Александр Силаев: Рассказы - Александр Силаев 9 стр.


— Змеи, порождения ехиднины! Как убежите вы от осуждения в геенну? — спросил он неразумную толпу перед тем, как равнодушная пуля закона разбила седую голову.


Наш маленький декаданс


Его звали Валя. Он ходил низенький, толстоватый, с постоянной улыбкой на широком добродушном лице. Он шел быстрой походкой и комично вспелкивал руками, если дела шли не так, как ему хотелось: получалось театрально и немного смешно.
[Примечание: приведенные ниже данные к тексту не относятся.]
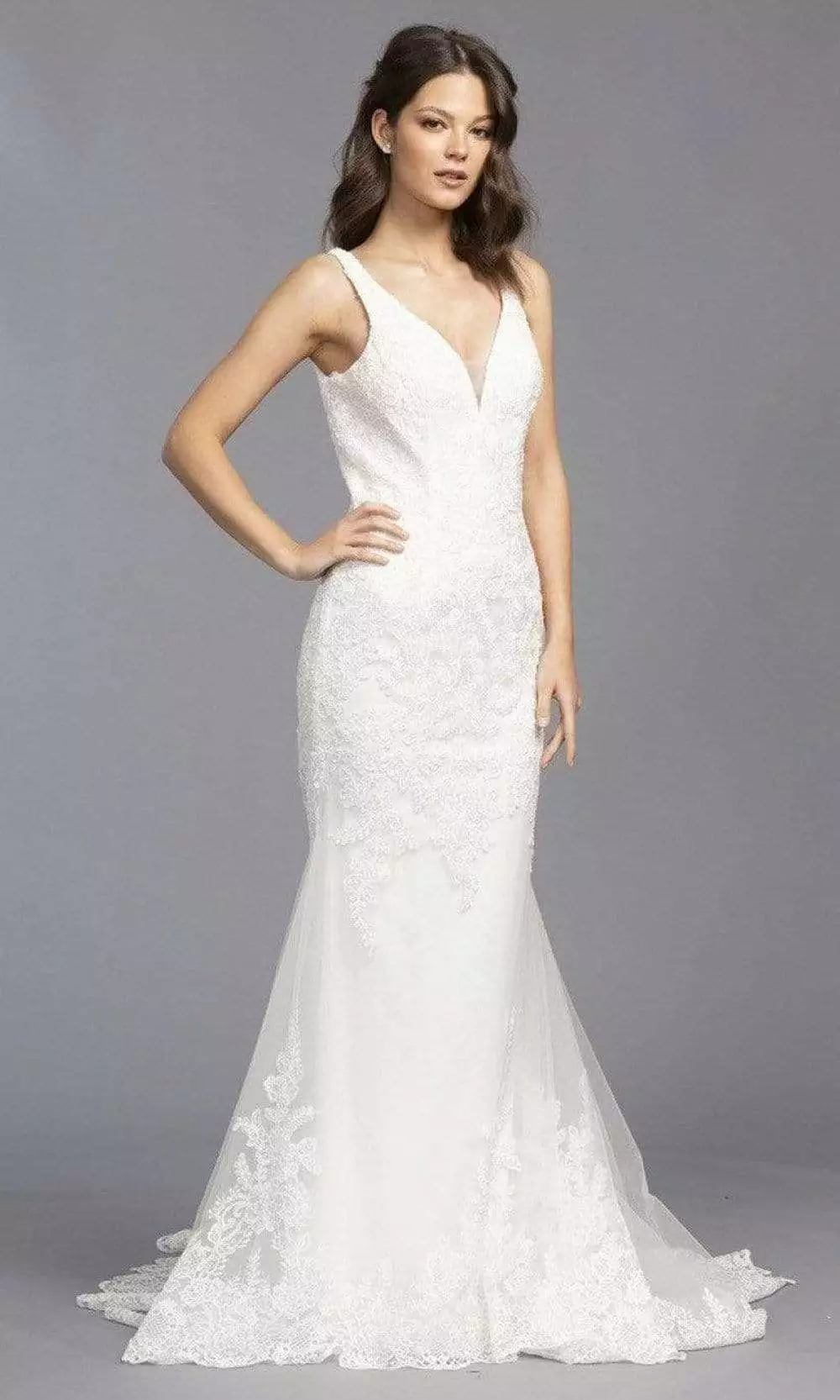 | Details: | Sleeveless, Plunging neckline, Embroidery, Fitted bodice, Bridal, V back, Back zipper, Court train, Back zipper, Floor length, Sweep train |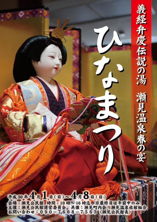 義経弁慶伝説の湯 瀬見温泉 春の宴 ひなまつり瀬見温泉の旧瀬見小学校で、旅館や家庭から持ち寄った様々な種類の雛人形、約500体が展示されます。享保(きょうほう)雛(びな)や現代雛など、江戸時代から現代までの時代を彩る人形が飾られます。期間中は甘酒や瀬見温泉まんじゅうの無料提供も行われます。会場となる公民館には「きまぐれcafé」がありランチやスィーツなども楽しめます。入場無料ですのでお気軽にお立ち寄りください。? 【 期 間 】平成30年4月1日(日)〜4月8日(日) 【 時 間 】10:00〜16:00(最終日は午前中のみ) 【 会 場 】瀬見公民館(旧瀬見小学校)      ? 山形県最上郡最上町大字大堀742 【 問?? 合 】瀬見公民館運営委員会 090-7668-7563
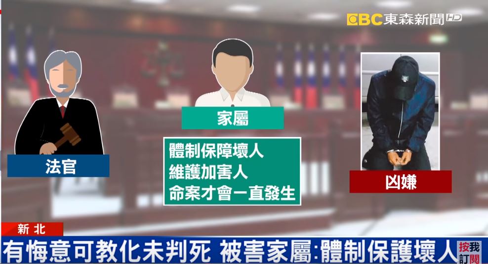 法官認為有悔意、可教化,因此沒判死刑!去年12月新北市泰山的許姓白牌車司機,因為欠債向郭姓女房東借錢遭到拒絕,竟然將她殺害棄屍,一審法官認為凶嫌曾經下跪道歉,有悔意,有教化可能,判他無期徒刑,被害家屬痛批,體制根本在保護壞人。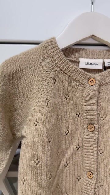 Dressen kommer i en varm, nøytral beige tone som passer til alt. Hele plagget er pyntet med et delikat hullmønster som gir et klassisk, nostalgisk uttrykk. Knappelukking hele veien foran gjør den superpraktisk i hverdagen – lett å ta på, lett å ta av (også midt i bleieskiftkaoset).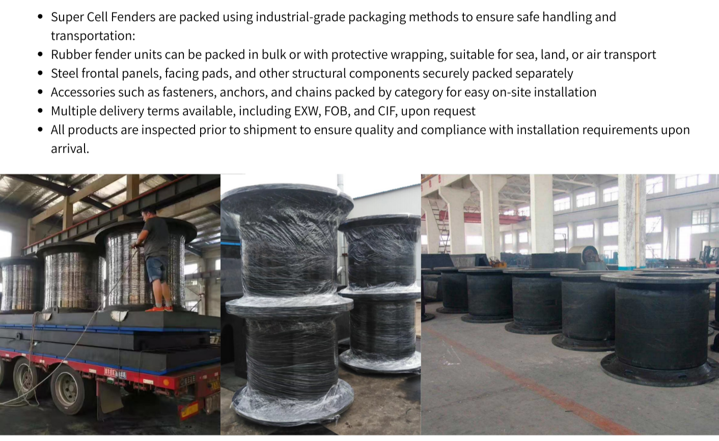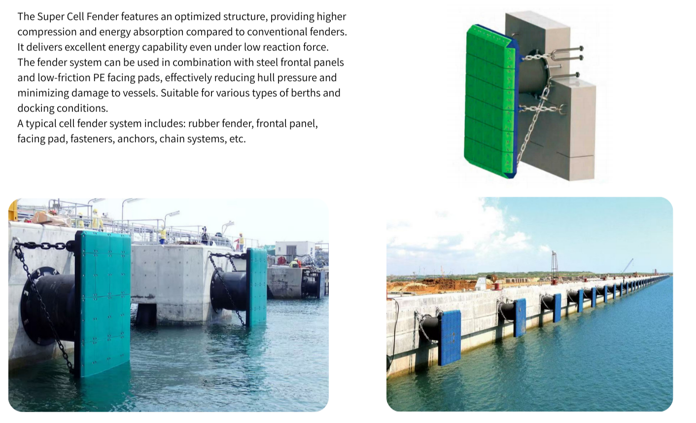 Cell fenders are mostly installed for docks (Dock medium type to VLCC) where Reaction Force is an important criteria. Among all types of fenders, Cell fenders offer minimum reaction per ton-meter energy absorbed. The very geometrical shape gives it sturdiness, shear resistance, compact structure and the capacity to absorb energy equally from all directions.

Не так интересно, кем он был по профессии., но память подсказывает, что Валентин служил инженером. Он не превратился с годами в начальника, ему подходила суть подчиненного: он не хотел ломать людей, распоряжаться, заботиться и отвечать за них, добавляя к своей жизни чужие. Люди его любили, наверное. Но любили не в лучшем смысле этого слова, а просто так. Не за что его ненавидеть-то, вот и вся любовь. Хотя родился он симпатичным.
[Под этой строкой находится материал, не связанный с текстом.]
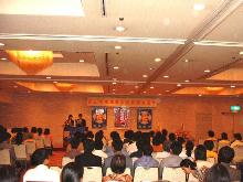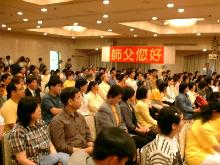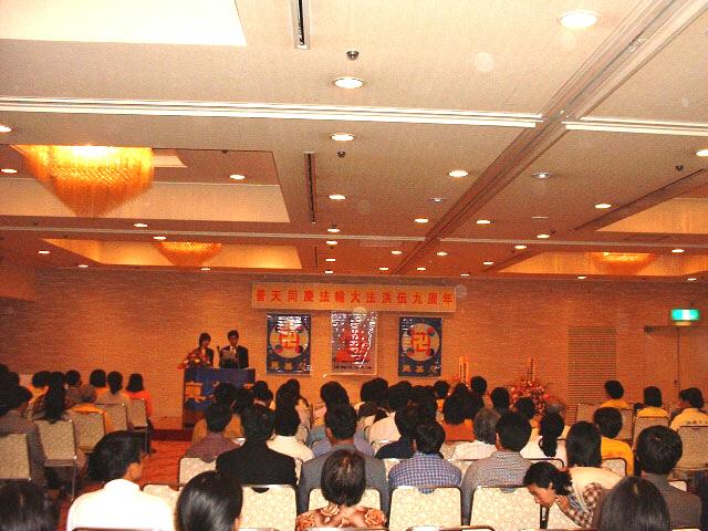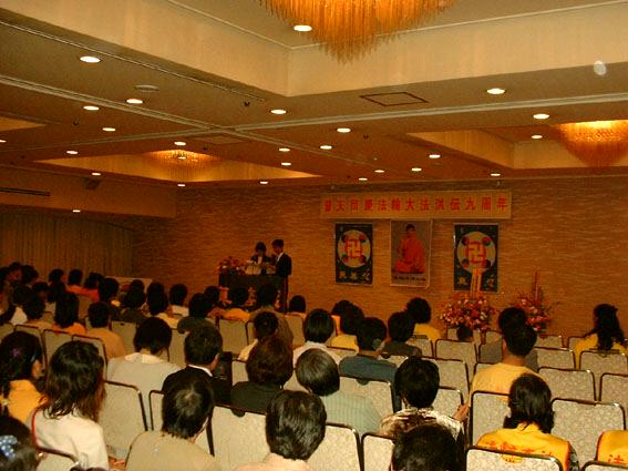 炼功完毕,大家来到板桥区文化会馆,召开庆祝交流会。会场上悬挂着师父的法像和大法轮图形,前台摆满鲜花,普度、济世的音乐回响着,全场洋溢着圆融祥和的气氛,同修们以日语、汉语朗读了庆贺的诗词及自己的修炼心得体会,很多同修冲破以往害怕写稿的框框,写诗赋词,自己朗诵自己的作品。同修们发自内心的朗诵和发言,充分体现了对大法的珍惜和对修炼的坚定,引来阵阵掌声,大家都感受到强烈的慈悲祥和的场,许多学员禁不住热泪流淌。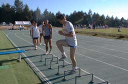 | 夏合宿。山形県は蔵王、坊平高原にやってきました。宿舎の前に芝のクロカンコースがありますが、上の写真はオールウェザーのグランドです。 | 左側はマネージャー、右は短距離の選手。練習中です。この日は、非常に良い天気でした。 | ||||||||

Сорок лет жизни не принесли ему ни денег, ни чудес, ни семьи. Так он жил без вопящих детей и астральных штучек, не сказать, чтобы припеваючи, но без печали, без тоски в белесых глазах, без глухого отчаяния, без чистых слез и запоздалого крика. Он никогда не повышал голоса. Даже и не хотел. Видать, в детстве не научился, а может и не надо было его повышать, моменты не те, люди не те, обстановка не располагает. А на него голос повышали. Как на такого не повышать. У него слишком многое не получалось: бумаги, счетчики, цифры… Когда у него не получалось, он отбрасывал папки в сторону и комично вздыхал: устал я от этой жизни. Иронией фразы он как бы искупал неудачу. После нее окружающие мигали улыбками, заходились пристойным смехом, легко одобряли и вдумчиво жалели его. О неудаче забывалось, вплоть до следующей, вплоть до очередного всплескивания руками.

Кроме того, что Валя был низковат и упитан, бедняга не избегнул и лысоватости. Не лысины, нет. А именно лысоватости. Впрочем, наметки к будущей лысине только делали его облик более добродушным. Так утверждали его честные сослуживцы, а им стоило верить на слово, занудно-правдивым и с детства не обученным увлекательно завирать.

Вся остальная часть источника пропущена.